Je reçois dans ce moment, monsieur, votre lettre du 13 février ; je vois que je ne me suis pas trompé. Je vous tiens très-heureux d’être loin de toutes les tracasseries qui affligent Paris, la cour, et le royaume. Je n’ai point encore vu le Mémoire de M. le maréchal de Broglie[1], mais j’augure mal de cette division. Voici un petit Mémoire en faveur des jésuites ; j’ai cru qu’il vous amuserait.

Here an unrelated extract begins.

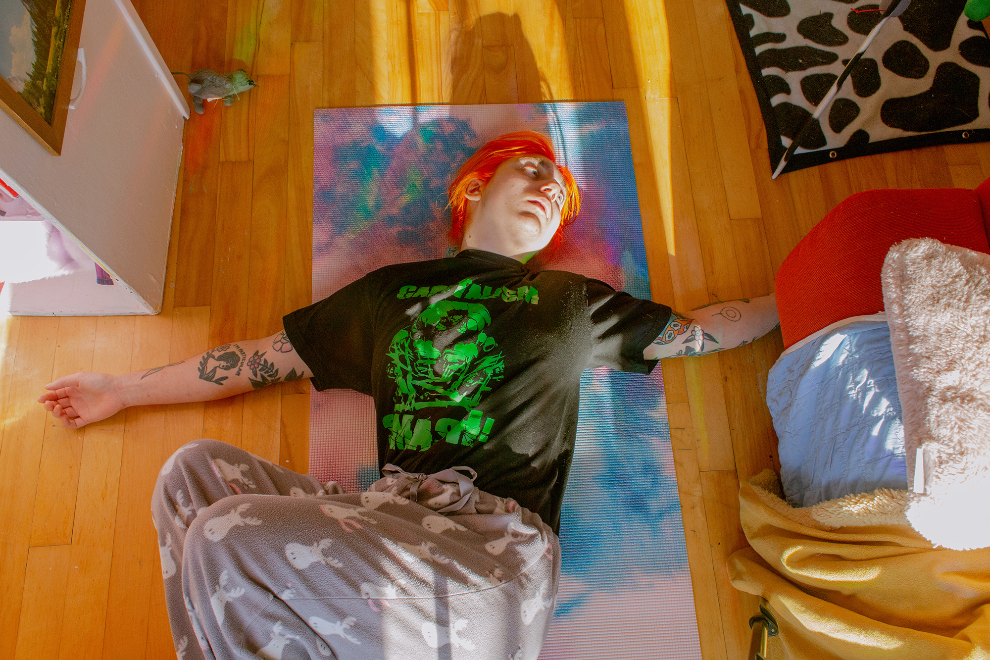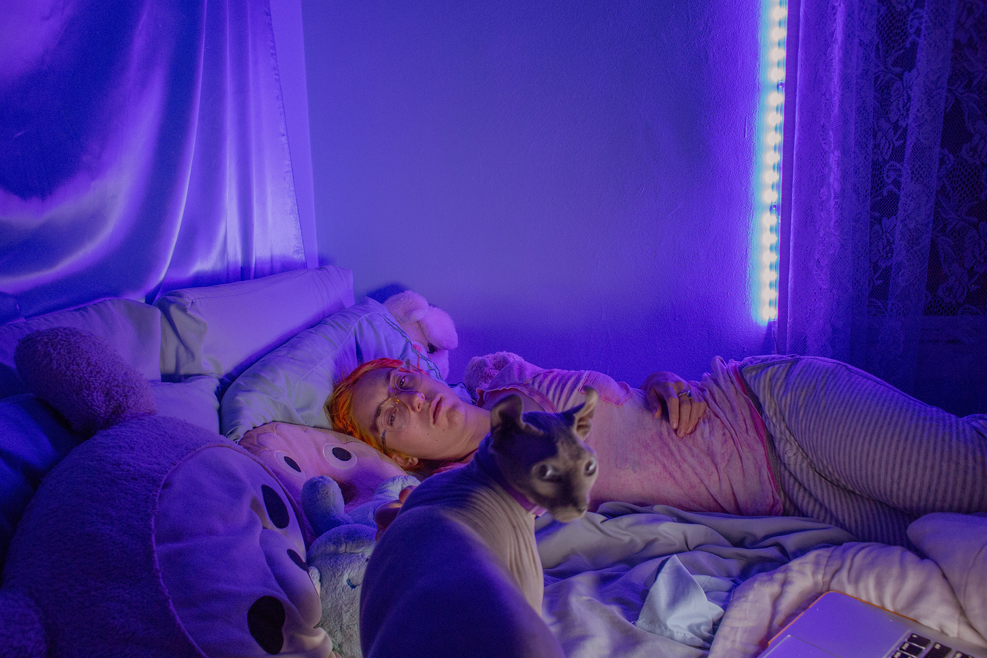 As a photographer whose practice had always revolved largely around self-portraiture, I knew I wanted to document my transition, but I wasn’t sure how to approach it initially. It was very daunting at first because I knew once I started sharing this work, it meant I would also have to be talking about my transition publicly – I wasn’t sure if I had the energy to be explaining myself constantly. I also had to ask myself what kind of images of transition I had not seen before, and wanted to see in the world. Coincidentally, I found myself going through burn out about six months into starting HRT. Burnout forced me to take a few months off, stay home by myself a whole lot, and re-learn how to build self-care routines. After a few weeks of doing that I grew bored and challenged myself to take a picture every day – a challenge which quickly turned into the Puberty project.

On me mande que Mme  de Pompadour est attaquée d’une goutte sereine qui lui a déjà fait perdre un œil, et qui menace l’autre. L’Amour était aveugle, mais il ne faut pas que Vénus le soit. Il y a un autre dieu aveugle, c’est Plutus ; celui-là a non-seulement perdu les yeux, mais les mains ; j’entends les mains avec lesquelles on donne : car pour celles avec lesquelles on prend, il en a plus que Briarée. J’ai fait une très-grande perte dans l’impératrice de Russie, et je ne la réparerai pas ; elle m’accablait de bontés. Elle venait de souscrire pour deux cents exemplaires en faveur de Mlle  Corneille. La philosophie console de tout ; et il n’y a de philosophie que dans la retraite. Jouissez de la vôtre, jouissez de vous-même, et conservez-moi vos bontés.

  1. À l’occasion de sa brouille avec le maréchal d’Estrées.